Records shown:
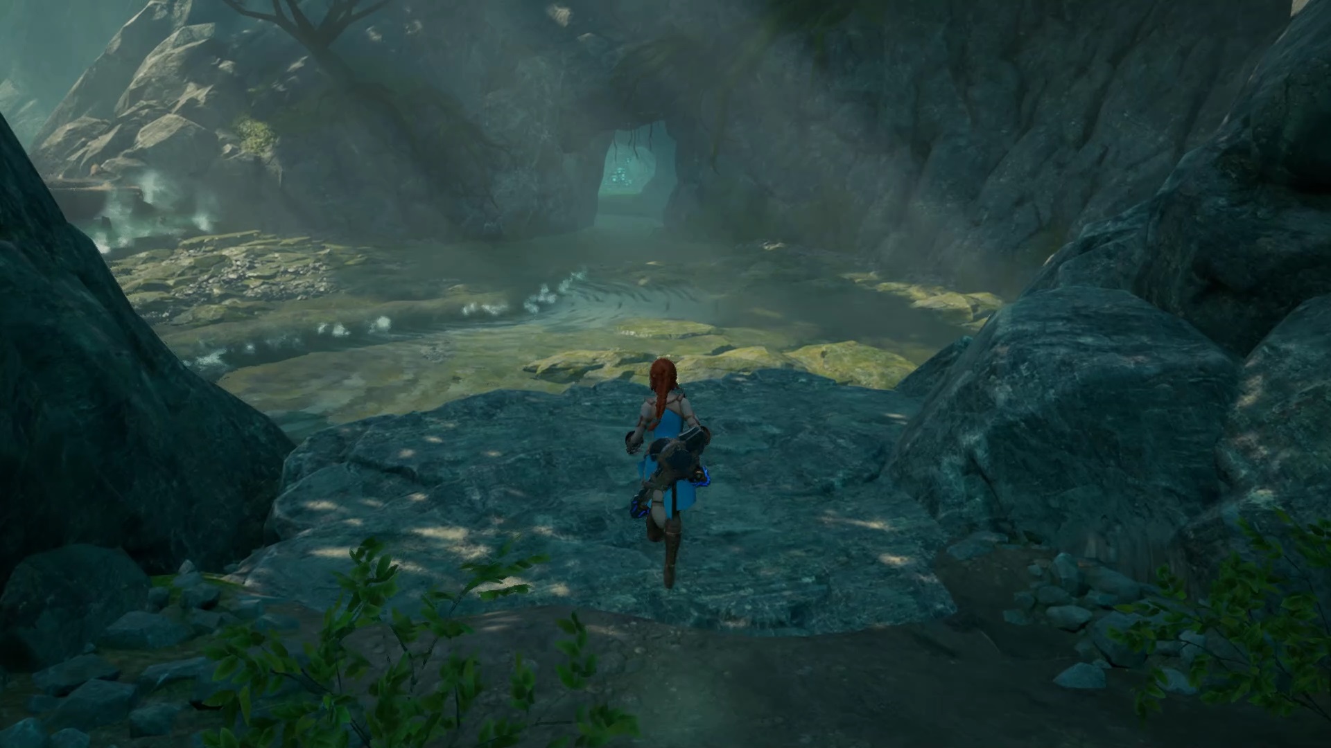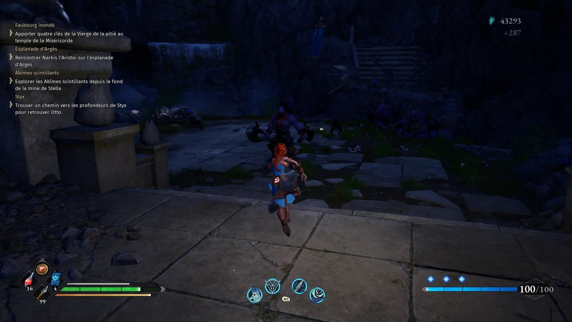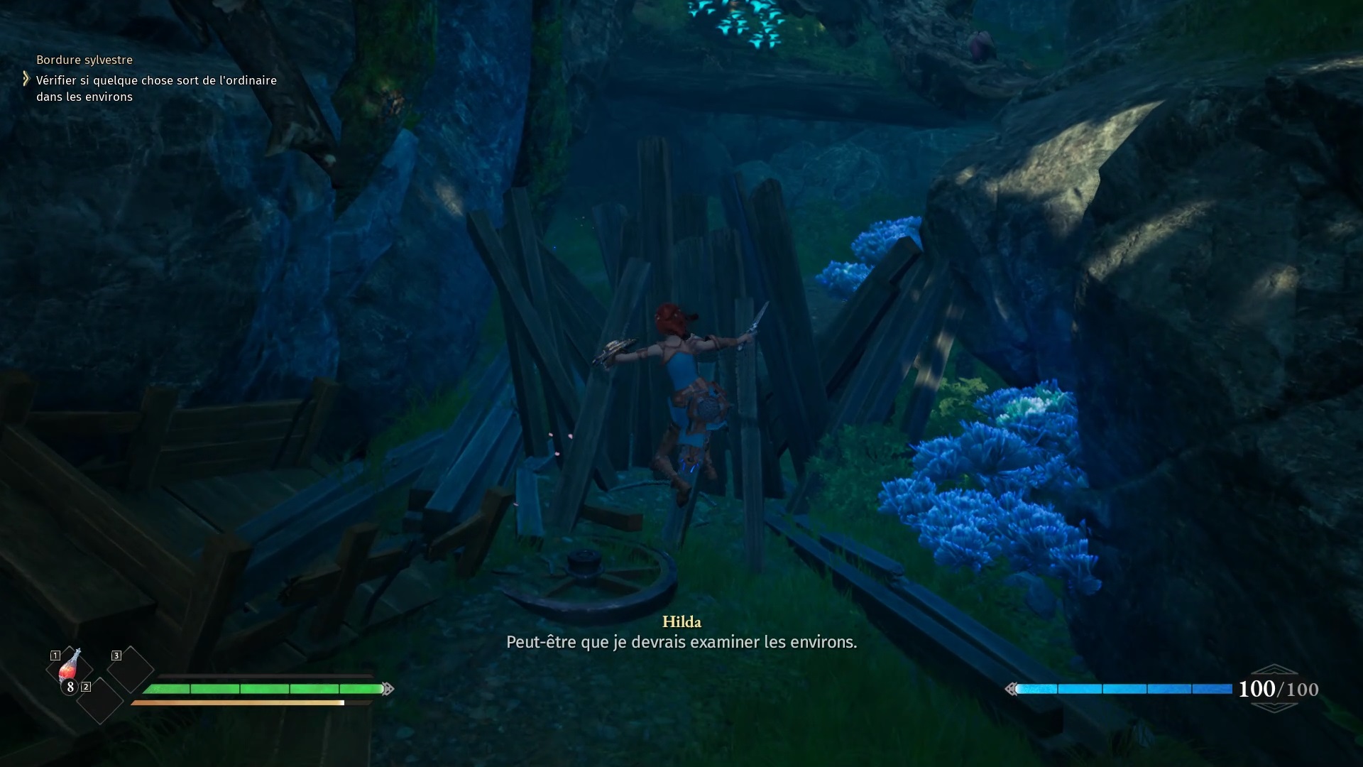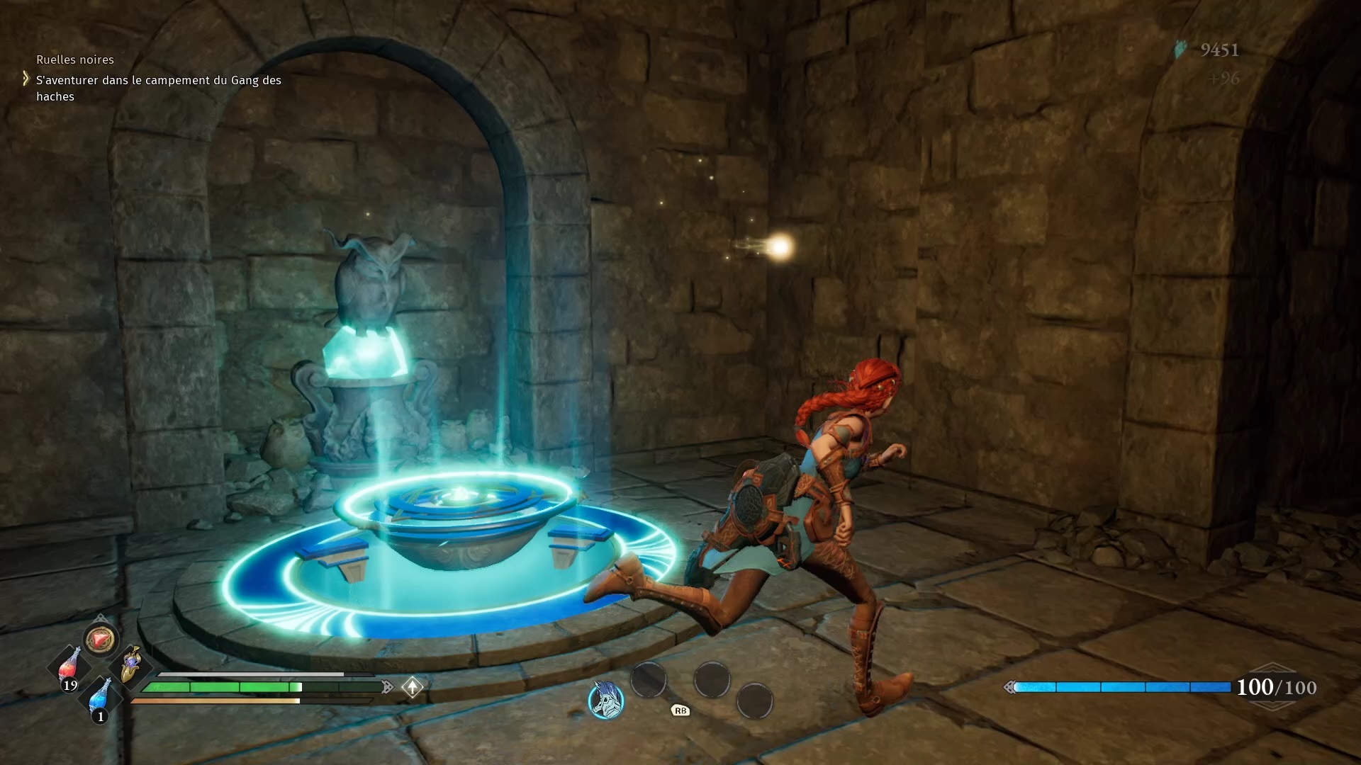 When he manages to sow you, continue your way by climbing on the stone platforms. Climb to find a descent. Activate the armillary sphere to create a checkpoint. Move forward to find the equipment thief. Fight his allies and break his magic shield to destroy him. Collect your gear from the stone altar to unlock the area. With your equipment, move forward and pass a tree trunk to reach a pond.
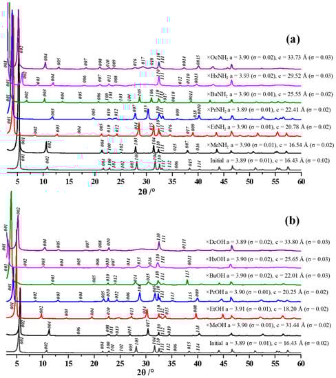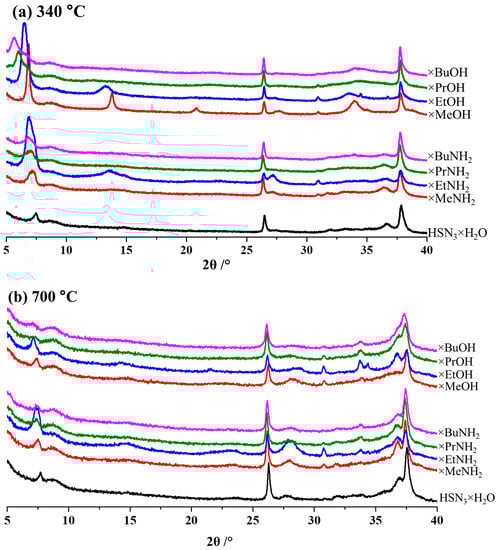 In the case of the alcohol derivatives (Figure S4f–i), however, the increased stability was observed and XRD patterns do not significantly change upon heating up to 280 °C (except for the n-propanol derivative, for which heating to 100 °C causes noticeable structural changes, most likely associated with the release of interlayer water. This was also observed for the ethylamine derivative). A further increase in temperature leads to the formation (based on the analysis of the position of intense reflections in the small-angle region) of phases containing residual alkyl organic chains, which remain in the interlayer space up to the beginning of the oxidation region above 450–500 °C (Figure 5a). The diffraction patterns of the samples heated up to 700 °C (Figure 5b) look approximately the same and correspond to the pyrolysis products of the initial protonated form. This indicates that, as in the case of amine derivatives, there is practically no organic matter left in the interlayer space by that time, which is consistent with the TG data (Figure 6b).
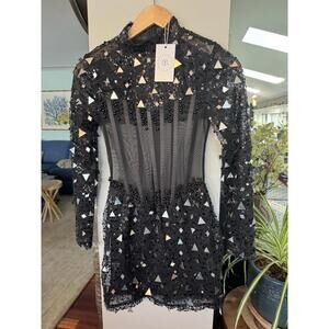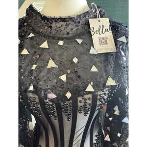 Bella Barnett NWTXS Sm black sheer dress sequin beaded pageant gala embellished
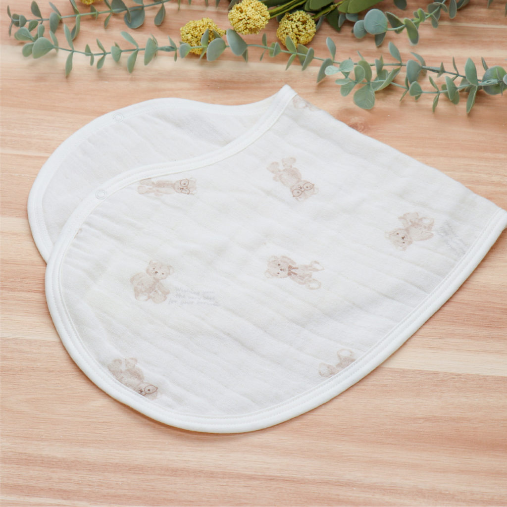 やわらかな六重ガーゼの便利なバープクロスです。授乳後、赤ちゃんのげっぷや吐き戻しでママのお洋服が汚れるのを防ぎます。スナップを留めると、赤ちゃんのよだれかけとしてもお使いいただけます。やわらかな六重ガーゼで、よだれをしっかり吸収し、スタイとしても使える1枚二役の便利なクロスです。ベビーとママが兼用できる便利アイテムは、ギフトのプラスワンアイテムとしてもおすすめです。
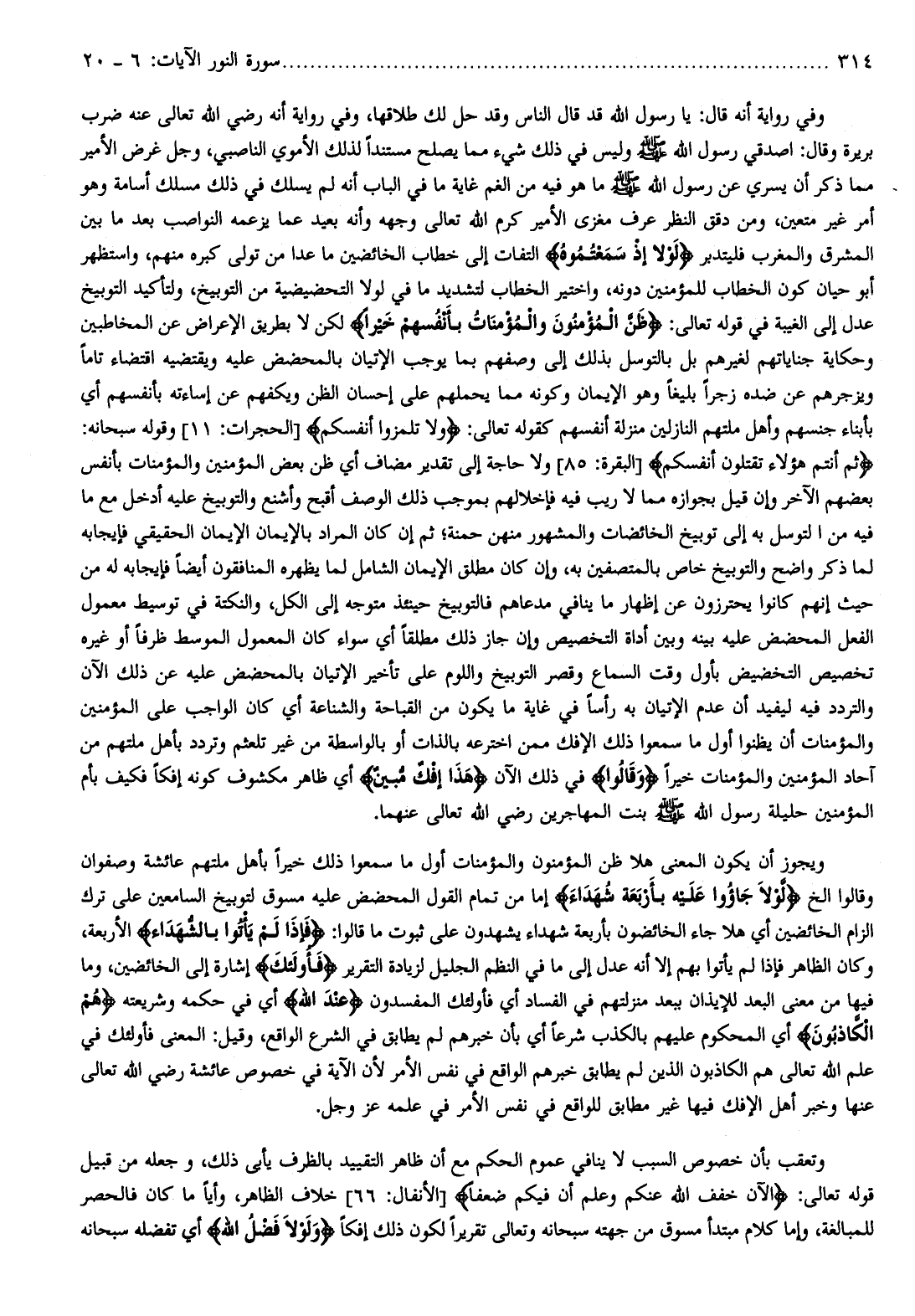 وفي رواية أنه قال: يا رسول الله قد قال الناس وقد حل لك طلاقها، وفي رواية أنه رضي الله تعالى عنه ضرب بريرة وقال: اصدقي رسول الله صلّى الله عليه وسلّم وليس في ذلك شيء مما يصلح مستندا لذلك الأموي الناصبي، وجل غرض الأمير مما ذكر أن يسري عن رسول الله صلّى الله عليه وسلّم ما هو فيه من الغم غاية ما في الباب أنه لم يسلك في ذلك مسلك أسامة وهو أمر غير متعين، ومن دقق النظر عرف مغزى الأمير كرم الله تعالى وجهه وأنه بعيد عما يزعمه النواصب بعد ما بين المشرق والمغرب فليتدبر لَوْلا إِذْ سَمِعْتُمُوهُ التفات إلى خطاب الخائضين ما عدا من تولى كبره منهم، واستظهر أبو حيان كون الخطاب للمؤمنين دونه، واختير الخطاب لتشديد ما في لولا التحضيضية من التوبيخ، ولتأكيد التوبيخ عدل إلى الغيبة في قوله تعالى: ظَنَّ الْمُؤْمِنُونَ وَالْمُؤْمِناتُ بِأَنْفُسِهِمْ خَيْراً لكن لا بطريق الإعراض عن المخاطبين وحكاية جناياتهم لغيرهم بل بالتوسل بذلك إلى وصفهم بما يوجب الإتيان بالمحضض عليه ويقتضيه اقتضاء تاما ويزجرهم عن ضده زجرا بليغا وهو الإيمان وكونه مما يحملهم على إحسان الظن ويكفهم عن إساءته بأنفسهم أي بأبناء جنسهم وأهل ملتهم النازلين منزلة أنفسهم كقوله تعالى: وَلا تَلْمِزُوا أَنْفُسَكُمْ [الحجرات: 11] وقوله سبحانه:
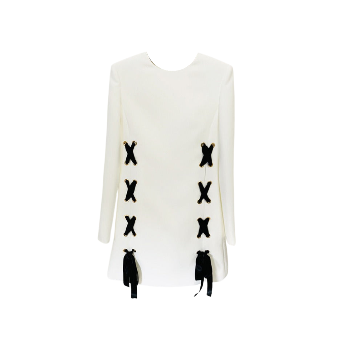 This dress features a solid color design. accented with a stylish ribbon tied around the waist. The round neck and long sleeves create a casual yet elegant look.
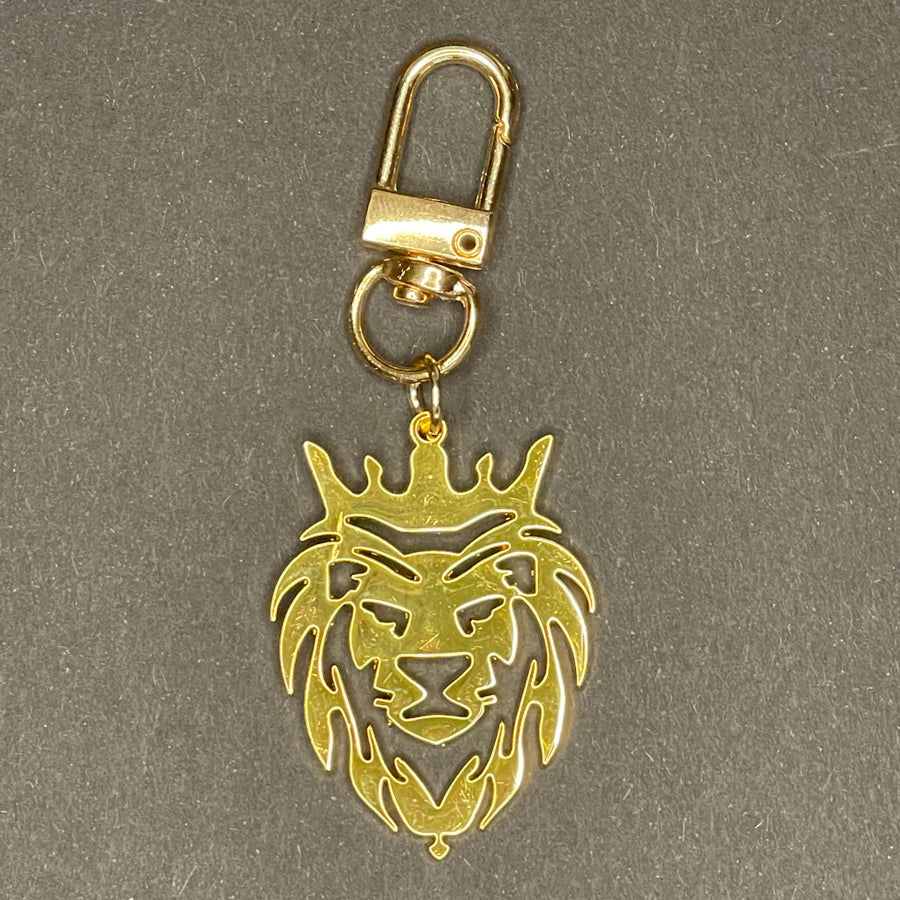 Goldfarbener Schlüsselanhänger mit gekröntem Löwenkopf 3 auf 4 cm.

Problem statement:
Needed here is only the span from the line with "This dress features" through the last line of the entries, copied exactly with both ends and without pictures.

Solution:
 This dress features a solid color design. accented with a stylish ribbon tied around the waist. The round neck and long sleeves create a casual yet elegant look.
 Goldfarbener Schlüsselanhänger mit gekröntem Löwenkopf 3 auf 4 cm.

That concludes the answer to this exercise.